En lo alto de una montaña norafricana, sumergido en una luz casi líquida, los azares de la memoria me devolvían sensaciones e imágenes que yo ni siquiera podía saber que tenía perdidas. Por primera vez supe que la fuerza del olvido era brutal y misteriosa, pero que los poderes de la memoria no lo eran menos. Me preguntaba, ¿cuántas cosas habré olvidado y cuántas me será dado algún día recuperar?
Ahí mismo recordé que dos años antes del viaje a Noráfrica había muerto mi abuelo Joaquín, el padre de mi padre. Era un hombre dulce, terriblemente aferrado a la vida, que tuvo una agonía muy larga: casi tres meses en los cuales, inconsciente ya, hablaba desde diferentes épocas de su vida. Conforme se acercaba a la muerte era más lejano el recuerdo en el cual se situaba: en algún momento comenzó a hablar en latín, lengua que sólo de adolescente había frecuentado para olvidarla totalmente después. En otros momentos discutía, como un niño, con un hermano que había muerto cuando él tenía diez años. Tal vez, en los tres meses que duró su agonía, mi abuelo viajó mentalmente a lo largo y ancho de sus setenta y tantos años de vida.

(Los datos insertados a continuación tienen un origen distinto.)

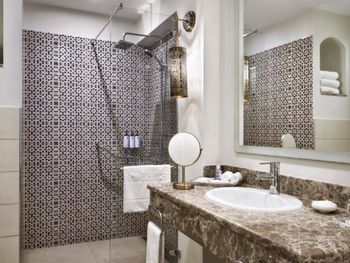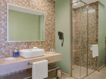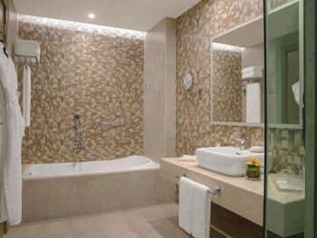 Однозначно не 5 звезд! В номере все старое, сделан средненький косметический ремонт. Кровать большая, но матрас пролежанный, кондиционер гудит как турбина самолета, ванная комната - ужас: стеклянная перегородка еле держится, старая сантехника, фен из прошлого века с пожелтевшей пластмассой, которым страшно пользоваться…

Esa inesperada resurrección de la memoria en la proximidad de la muerte de mi abuelo me había llenado siempre de angustia: me parecía un acto desesperado de la voluntad de vivir. Pero al recordarlo en aquella montaña del oasis de Zagora, después de que yo mismo había sido involuntario y feliz viajero de la memoria, me llenaba de paz pensar que el último itinerario de mi abuelo fue tal vez un privilegio; y que si, cuando yo muera, me es dada también la dicha de entrar al tiempo sin tiempo de la memoria, sin duda regresaré al desierto.